And I’m not sure that I agree with the positioning above (though I appreciate the compliment). Someone like David Louis Edelman, for instance, is absolutely writing in the same space as Neal Stephenson, Cory Doctorow, Vernor Vinge, and Charles Stross, just as James Enge reads very much to me like a midpoint between Joe Abercrombie and Scott Lynch (with, as Lynch, a strong Fritz Leiber influence). And that’s whose readers I’d point at Blood of Ambrose.

Just as I’d point Steven Erikson’s fans at Tom Lloyd’s The Stormcaller. Enge talked recently on Jon Armstrong’s If You’re Just Joining Us podcast about genre fiction that isn’t afraid to be what it is, what is being called “Deep Genre,” and I think that’s what I’m talking about. If anything, I think we are probably publishing less cross-genre or “interstitial” work than some, and that what we are publishing is what Asimov’s termed when they spoke of us as “pitched down the middle” science fiction and fantasy of “a consistently high level of literary quality.

State of the genre:

Q1. In short fiction there is a stark dichotomy for now: the traditional print markets are dying, but the online sphere and the original anthologies are flourishing. In novel length there is this perceived "sf is dying" cry, while actually quite a few novels are published every year. Why do you think this "sf is dying" meme - which to me is so patently *untrue* - got entrenched and how do we combat it?

Lou: SF is not dying and never will. To combat the meme I point out that it hasn’t been that long since both Sean WilliamsStar Wars: The Force Unleashed and Neal Stephenson’s Anathem both graced the New York Times Best Seller list at the number one spot. That’s hardly the condition of a genre that’s dying—and two more different novels you couldn’t hope to find – so it’s a good indication of the range of SF too! The Dune novels are frequently best sellers.

As are the Ender books. And what is Halo but Ringworld with marines? And so much, much more. Cory Doctorow and John Scalzi are household names to the net-savvy. Nor is everything SF published inside the genre walls. SF has transcended to the mainstream now, in television, film, music, comics, gaming, and mainstream literature.

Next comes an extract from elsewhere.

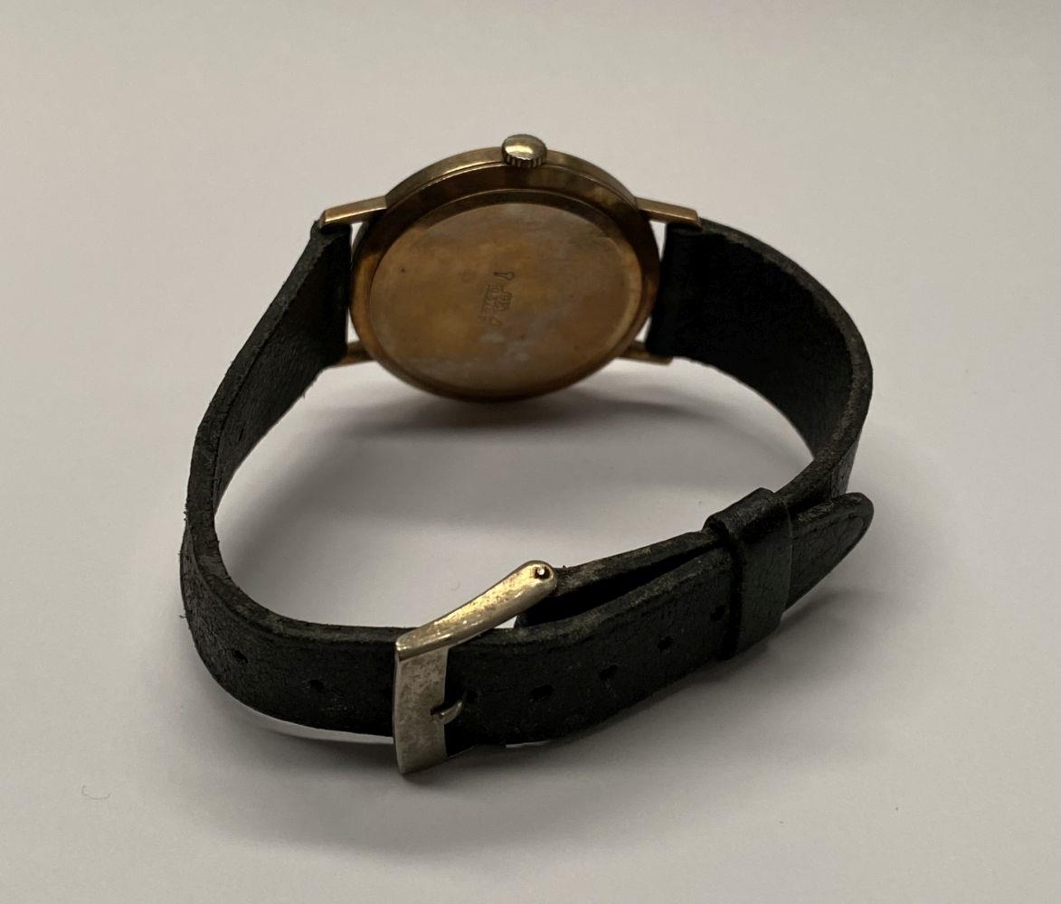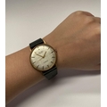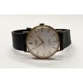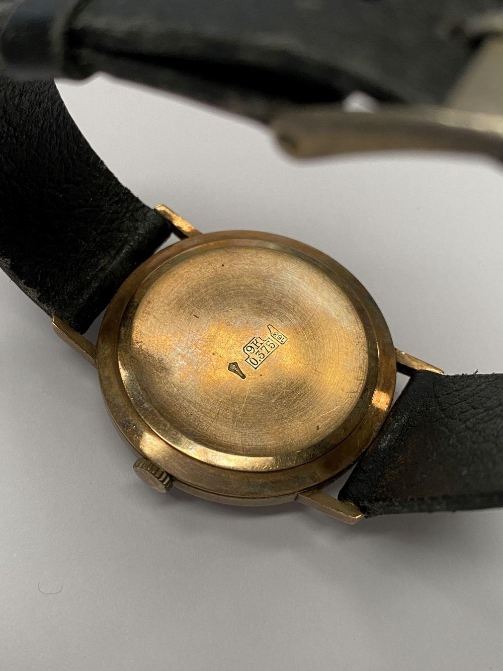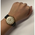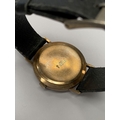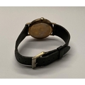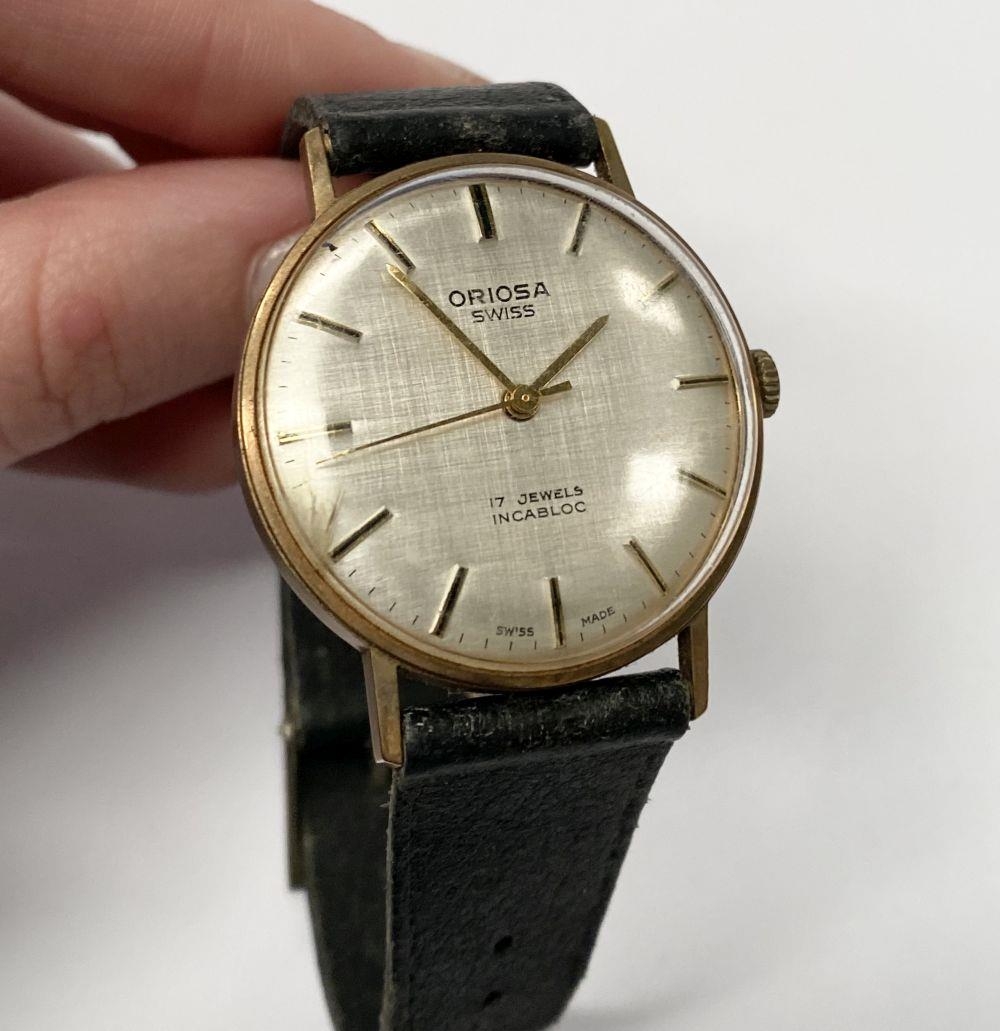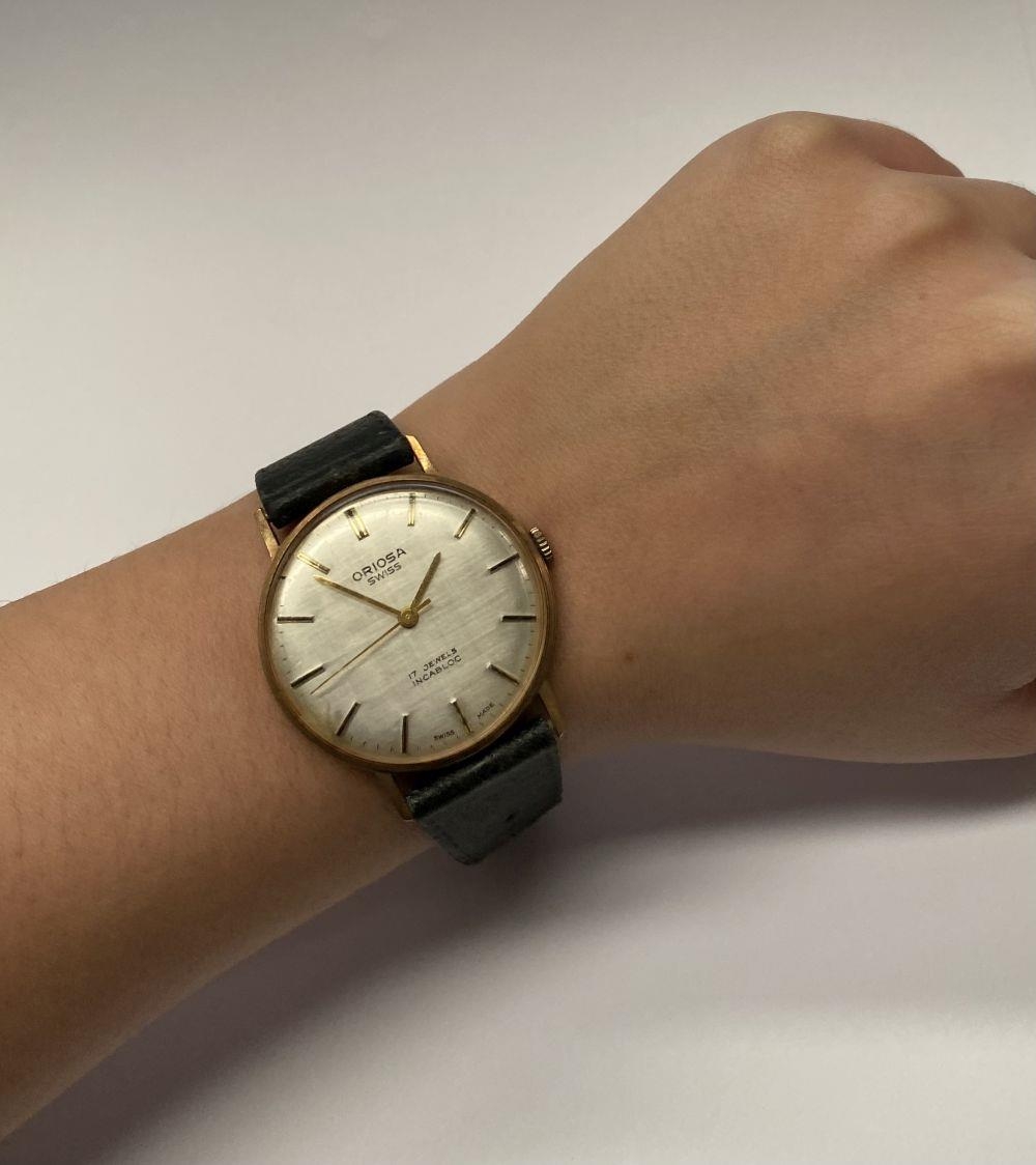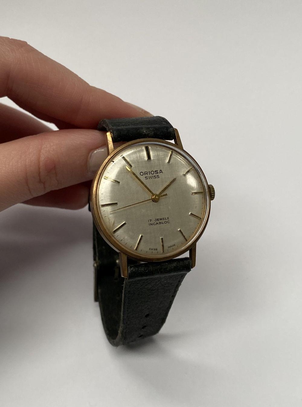 A VINTAGE ORIOSA SWISS 17 JEWELS INCABLOC LADIES WRISTWATCH, with circular dial in 9ct yellow gold case, the back marked 9k, with black leather strap.

You watch Battlestar Galactica or you watch Doctor Who or you watch Lost?. There’s also a hell of a lot of it being sold as YA or Teen fiction now. All the hot television shows and films are genre. And in our corner—the National Endowment for the Arts just reported the first rise in reading in 26 years, and the demographic that rose the most was the 18 to 24 year olds. And guess what they read? Genre! And no, it isn’t all fantasy. I can’t walk into a bookstore without seeing Scott Westerfeld’s Uglies series on storefront displays.

Genre, including the science fiction genre, is the healthiest it’s ever been. But you know, it isn’t necessarily everyone’s brand of SF that is selling. One of the biggest shocks to my system when I first got on this side of the table was to learn that some of the venerable old masters that I worshiped in my childhood never sold that many books ever, even back in “the good old days.”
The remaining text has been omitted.